● **Activity**
The task requires repeating, word for word, the lines from the one with "体检数量 (人/天) |" through the end of the material, leaving out all pictures.

● **Dataset excerpt**
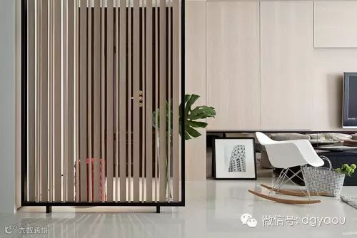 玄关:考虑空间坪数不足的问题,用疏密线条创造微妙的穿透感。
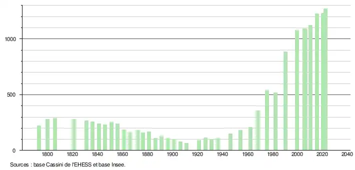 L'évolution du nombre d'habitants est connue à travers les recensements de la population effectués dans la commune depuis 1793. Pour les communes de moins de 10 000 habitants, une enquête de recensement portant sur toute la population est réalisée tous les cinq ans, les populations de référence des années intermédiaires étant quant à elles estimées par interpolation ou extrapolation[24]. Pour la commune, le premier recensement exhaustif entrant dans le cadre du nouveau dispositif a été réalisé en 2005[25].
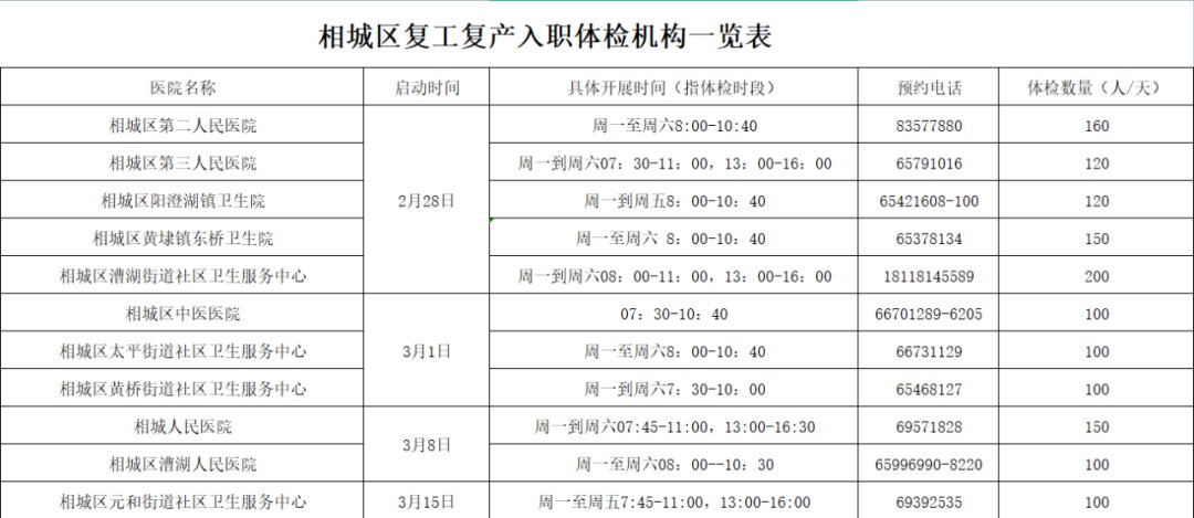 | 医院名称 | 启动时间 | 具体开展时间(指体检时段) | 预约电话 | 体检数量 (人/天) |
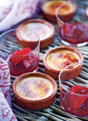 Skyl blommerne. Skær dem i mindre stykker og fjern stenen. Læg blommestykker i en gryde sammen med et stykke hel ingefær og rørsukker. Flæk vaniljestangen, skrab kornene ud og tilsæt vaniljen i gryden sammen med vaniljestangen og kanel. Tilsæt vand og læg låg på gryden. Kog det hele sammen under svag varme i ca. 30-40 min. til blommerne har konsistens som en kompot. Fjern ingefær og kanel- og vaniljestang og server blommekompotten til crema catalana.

● **Result of the task**
 | 医院名称 | 启动时间 | 具体开展时间(指体检时段) | 预约电话 | 体检数量 (人/天) |
 Skyl blommerne. Skær dem i mindre stykker og fjern stenen. Læg blommestykker i en gryde sammen med et stykke hel ingefær og rørsukker. Flæk vaniljestangen, skrab kornene ud og tilsæt vaniljen i gryden sammen med vaniljestangen og kanel. Tilsæt vand og læg låg på gryden. Kog det hele sammen under svag varme i ca. 30-40 min. til blommerne har konsistens som en kompot. Fjern ingefær og kanel- og vaniljestang og server blommekompotten til crema catalana.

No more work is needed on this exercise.